▶ **Dataset extract**:
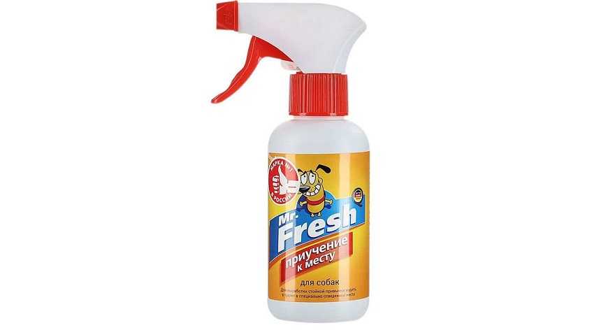 Спрей Mr. Fresh «Приучение к месту» (200 мл). Как и предыдущее, средство подходит для приучения к пеленкам и лотку, т.е. для маленьких пород и щенков. Спрей нужно брызгать в то место, куда собака должна ходить в туалет. Стоимость — примерно 300 рублей.
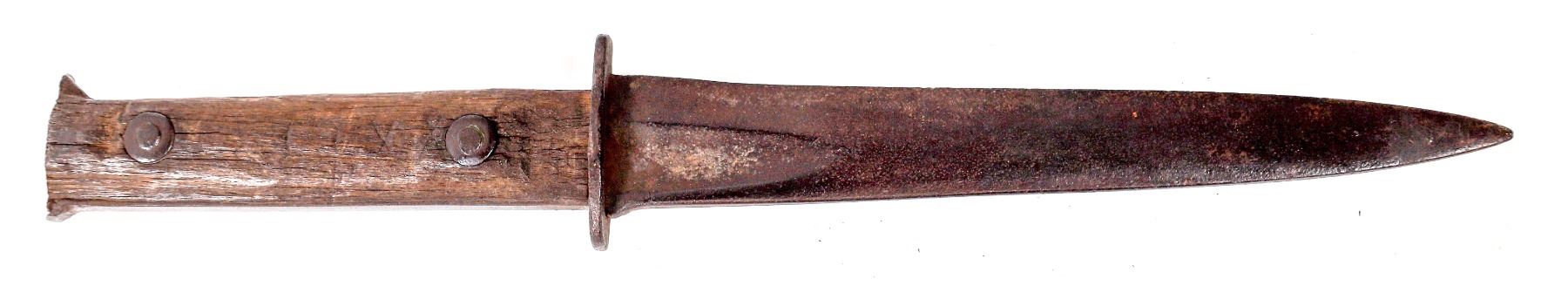 This knife is a repurposed saber blade that has a new life as a knife. The indicator is the last inch of fuller exposed on both sides of the blade. The handle is hand ground to fit the hand, the grips are of a hardwood secured by two rivets; and the guard is formed to swedge at the ricasso. Rough, well made frontier knife. Overall length is 10 1/4 in. with a 6 1/4 in blade. c. 1860's-1880's. Please see photo for details.
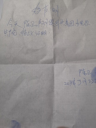 今天陈卫声明退出共产党、共青团、少先队,特此证明。
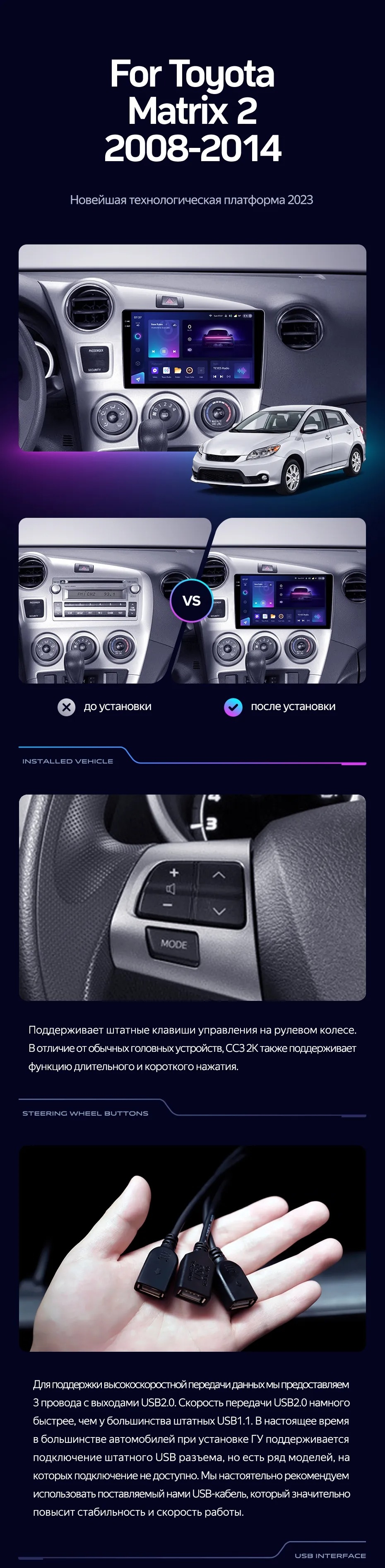 Переходная рамка Toyota Matrix 2 E140 (2008-2014) (9") - купить всего за 5 300 руб. в интернет-магазине в Саратове Teyes.com.ru. ✓ Самый лучший выбор мультимедиа ✓ Лучшая замена штатному ГУ ✓ Тел. +7 (800) 775-31-74

▶ **Exercise**: Using the listing above, set down exactly each line from the one containing "今天陈卫声明退出共产党、共青团、少先队,特此证明。" through the final line, and leave out pictures.

▶ **Response to this task**:
 今天陈卫声明退出共产党、共青团、少先队,特此证明。
 Переходная рамка Toyota Matrix 2 E140 (2008-2014) (9") - купить всего за 5 300 руб. в интернет-магазине в Саратове Teyes.com.ru. ✓ Самый лучший выбор мультимедиа ✓ Лучшая замена штатному ГУ ✓ Тел. +7 (800) 775-31-74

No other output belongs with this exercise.